On Tue, 5 Apr 2016 00:07:14 +0200 Thomas Graf <tgraf@suug.ch> wrote:

> On 04/03/16 at 12:02am, Brenden Blanco wrote:
> > On Sat, Apr 02, 2016 at 12:39:45PM -0400, Tom Herbert wrote:  
> > > Is there a hard restriction that this could only work with physical devices?  
> > I suppose not, but there wouldn't be much use case as compared to tc
> > ingress, no? Since I was imagining that this new hook would be more
> > restricted in functionality due to operating on descriptors rather than
> > with a full skb, I tried to think of an appropriate name.
> > 
> > If you think that this hook would spread, then a better name is needed.  
> 
> The thing that comes to mind is that this prog type makes it easier to
> implement batched processing of packets in BPF which would require major
> surgery across the tc layer to make it available in cls_bpf. Batched
> processing will be beneficial for software devices as well.

+1 agreed, I would really like to see batched processing of packets in
BPF, for this packet type, designed in from the start.

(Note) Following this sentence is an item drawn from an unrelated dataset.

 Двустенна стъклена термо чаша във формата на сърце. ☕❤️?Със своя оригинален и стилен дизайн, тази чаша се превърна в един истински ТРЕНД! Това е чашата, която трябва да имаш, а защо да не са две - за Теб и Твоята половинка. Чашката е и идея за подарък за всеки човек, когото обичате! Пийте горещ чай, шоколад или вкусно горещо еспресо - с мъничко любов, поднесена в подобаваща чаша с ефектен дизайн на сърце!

On Mon, 4 Apr 2016 13:00:34 -0700 Alexei Starovoitov <alexei.starovoitov@gmail.com> wrote:

> As seen in 'perf report' from patch 5:
>   3.32%  ksoftirqd/1    [kernel.vmlinux]  [k] sk_load_byte_positive_offset
> this is 14Mpps and 4 assembler instructions in the above function
> are consuming 3% of the cpu.

At this level we also need to take into account the cost/overhead of a
function call.  Which I've measured to between 5-7 cycles, part of my
time_bench_sample[1] test.

> Making new_load_byte to be single  x86 insn would be really cool.
> 
> Of course, there are other pieces to accelerate:
>  12.71%  ksoftirqd/1    [mlx4_en]         [k] mlx4_en_alloc_frags
>   6.87%  ksoftirqd/1    [mlx4_en]         [k] mlx4_en_free_frag
>   4.20%  ksoftirqd/1    [kernel.vmlinux]  [k] get_page_from_freelist
>   4.09%  swapper        [mlx4_en]         [k] mlx4_en_process_rx_cq
> and I think Jesper's work on batch allocation is going help that a lot.

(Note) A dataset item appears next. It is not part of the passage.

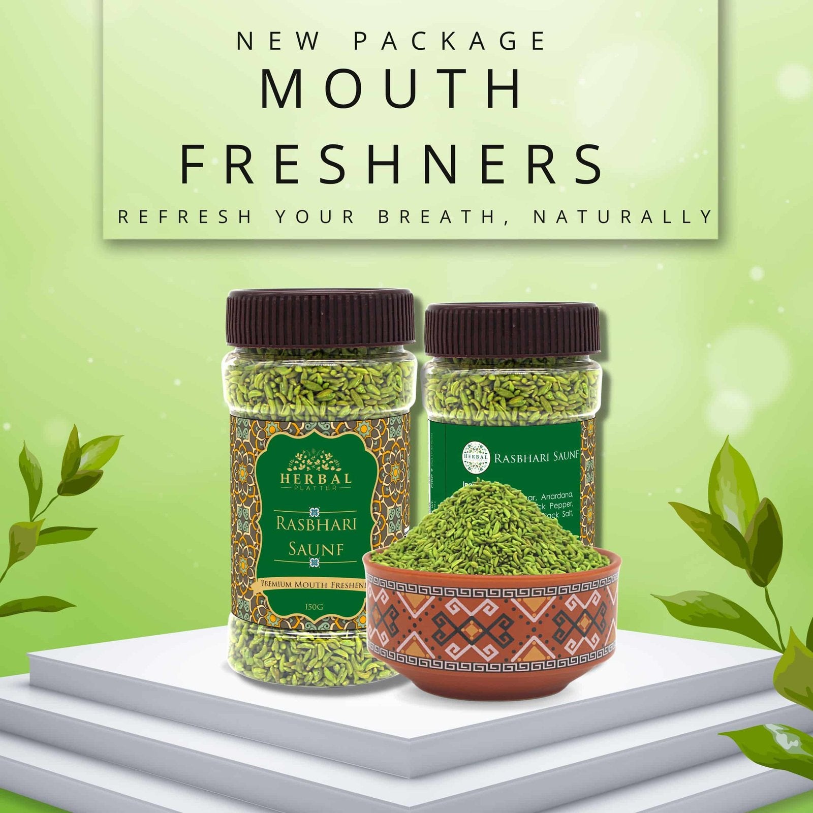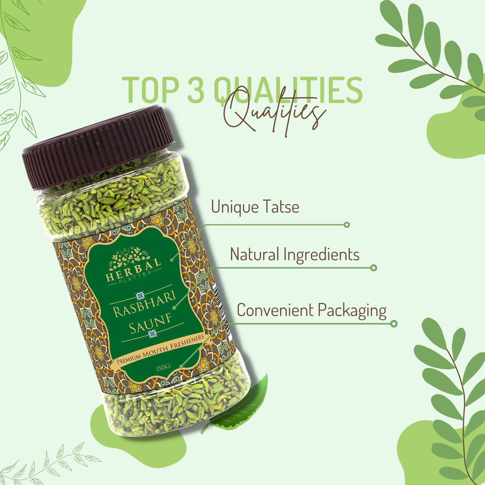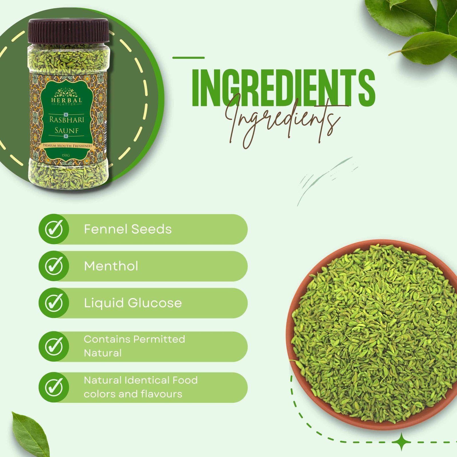 Elevate your snacking experience with Herbal Platter Rashbhari Saunf Mouth Freshener (Mukhwas). Let the aromatic flavors transport you to a world of taste, tradition, and refreshment. Indulge in the symphony of saunf, rasbhari, and masalas, and make every moment more memorable. Order now and savor the goodness!

Actually, it looks like all of this "overhead" comes from the page
alloc/free (+ dma unmap/map). We would need a page-pool recycle
mechanism to solve/remove this overhead.  For the early drop case we
might be able to hack recycle the page directly in the driver (and also
avoid dma_unmap/map cycle).


[1] https://github.com/netoptimizer/prototype-kernel/blob/master/kernel/lib/time_bench_sample.c

On Tue, Apr 05, 2016 at 11:29:05AM +0200, Jesper Dangaard Brouer wrote:
> > 
> > Of course, there are other pieces to accelerate:
> >  12.71%  ksoftirqd/1    [mlx4_en]         [k] mlx4_en_alloc_frags
> >   6.87%  ksoftirqd/1    [mlx4_en]         [k] mlx4_en_free_frag
> >   4.20%  ksoftirqd/1    [kernel.vmlinux]  [k] get_page_from_freelist
> >   4.09%  swapper        [mlx4_en]         [k] mlx4_en_process_rx_cq
> > and I think Jesper's work on batch allocation is going help that a lot.
> 
> Actually, it looks like all of this "overhead" comes from the page
> alloc/free (+ dma unmap/map). We would need a page-pool recycle
> mechanism to solve/remove this overhead.  For the early drop case we
> might be able to hack recycle the page directly in the driver (and also
> avoid dma_unmap/map cycle).

Exactly. A cache of allocated and mapped pages will help a lot both drop
and redirect use cases. After tx completion we can recycle still mmaped
page into the cache (need to make sure to map them PCI_DMA_BIDIRECTIONAL)
and rx can refill the ring with it. For load balancer steady state
we won't have any calls to page allocator and dma.
Being able to do cheap percpu pool like this is a huge advantage
that any kernel bypass cannot have. I'm pretty sure it will be
possible to avoid local_cmpxchg as well.